> [Work instruction]
Pictures stay out; please output the remaining data exactly.

> [Source data]
━━━━━━━━

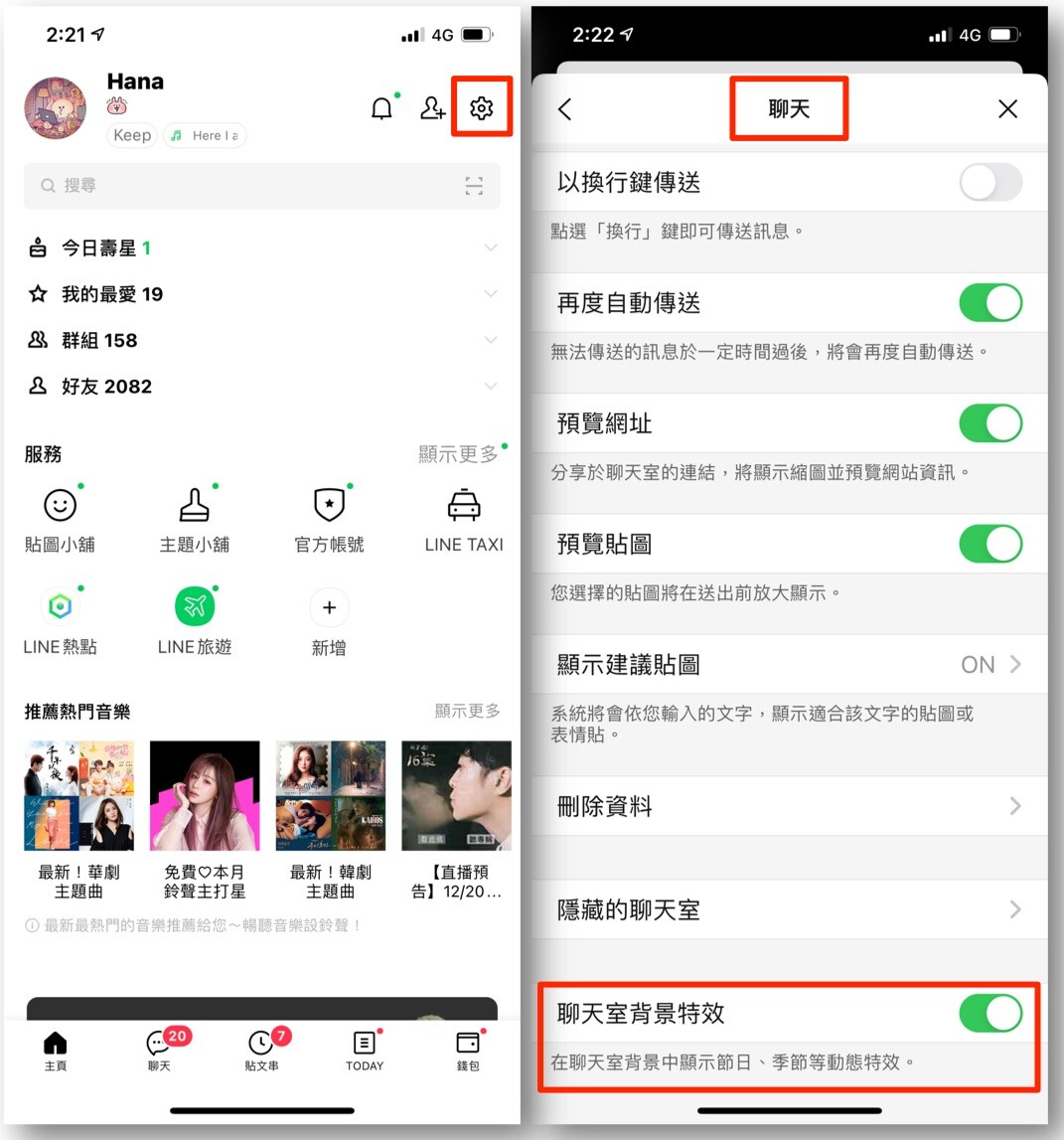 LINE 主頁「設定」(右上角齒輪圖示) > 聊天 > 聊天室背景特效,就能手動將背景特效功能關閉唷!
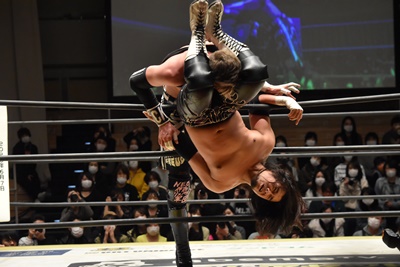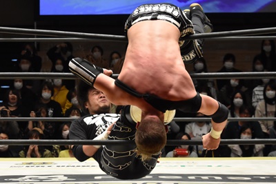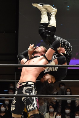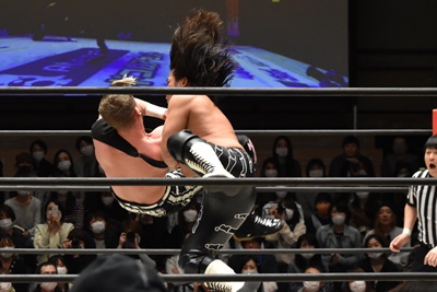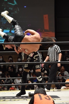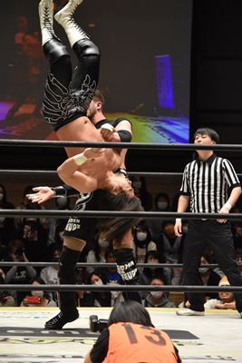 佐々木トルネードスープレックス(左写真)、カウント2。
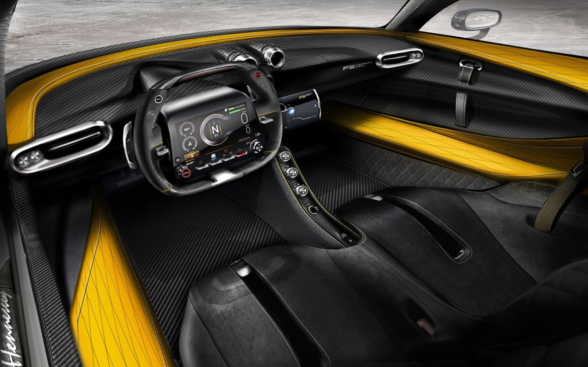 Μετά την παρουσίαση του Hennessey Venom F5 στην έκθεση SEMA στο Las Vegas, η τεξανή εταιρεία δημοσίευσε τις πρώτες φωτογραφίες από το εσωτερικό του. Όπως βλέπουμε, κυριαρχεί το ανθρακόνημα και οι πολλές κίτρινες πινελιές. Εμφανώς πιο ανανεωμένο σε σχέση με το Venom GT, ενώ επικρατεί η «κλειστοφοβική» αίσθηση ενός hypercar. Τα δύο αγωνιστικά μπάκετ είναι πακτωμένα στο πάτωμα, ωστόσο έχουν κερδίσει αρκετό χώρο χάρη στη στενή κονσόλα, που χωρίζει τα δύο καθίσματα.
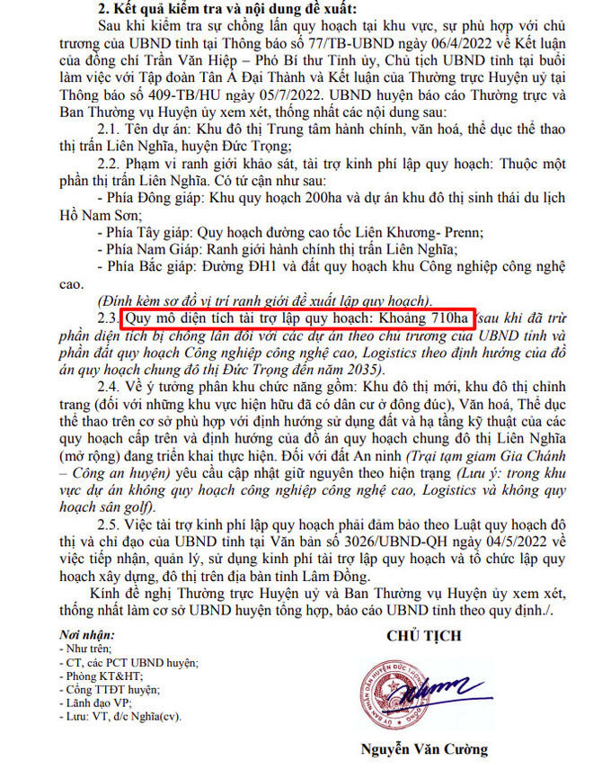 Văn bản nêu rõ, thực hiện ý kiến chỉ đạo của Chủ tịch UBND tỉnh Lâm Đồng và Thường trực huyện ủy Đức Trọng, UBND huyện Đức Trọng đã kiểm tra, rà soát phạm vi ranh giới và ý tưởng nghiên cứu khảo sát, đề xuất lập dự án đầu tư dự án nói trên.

━━━━━━━━

> [Answer section]
 LINE 主頁「設定」(右上角齒輪圖示) > 聊天 > 聊天室背景特效,就能手動將背景特效功能關閉唷!
 佐々木トルネードスープレックス(左写真)、カウント2。
 Μετά την παρουσίαση του Hennessey Venom F5 στην έκθεση SEMA στο Las Vegas, η τεξανή εταιρεία δημοσίευσε τις πρώτες φωτογραφίες από το εσωτερικό του. Όπως βλέπουμε, κυριαρχεί το ανθρακόνημα και οι πολλές κίτρινες πινελιές. Εμφανώς πιο ανανεωμένο σε σχέση με το Venom GT, ενώ επικρατεί η «κλειστοφοβική» αίσθηση ενός hypercar. Τα δύο αγωνιστικά μπάκετ είναι πακτωμένα στο πάτωμα, ωστόσο έχουν κερδίσει αρκετό χώρο χάρη στη στενή κονσόλα, που χωρίζει τα δύο καθίσματα.
 Văn bản nêu rõ, thực hiện ý kiến chỉ đạo của Chủ tịch UBND tỉnh Lâm Đồng và Thường trực huyện ủy Đức Trọng, UBND huyện Đức Trọng đã kiểm tra, rà soát phạm vi ranh giới và ý tưởng nghiên cứu khảo sát, đề xuất lập dự án đầu tư dự án nói trên.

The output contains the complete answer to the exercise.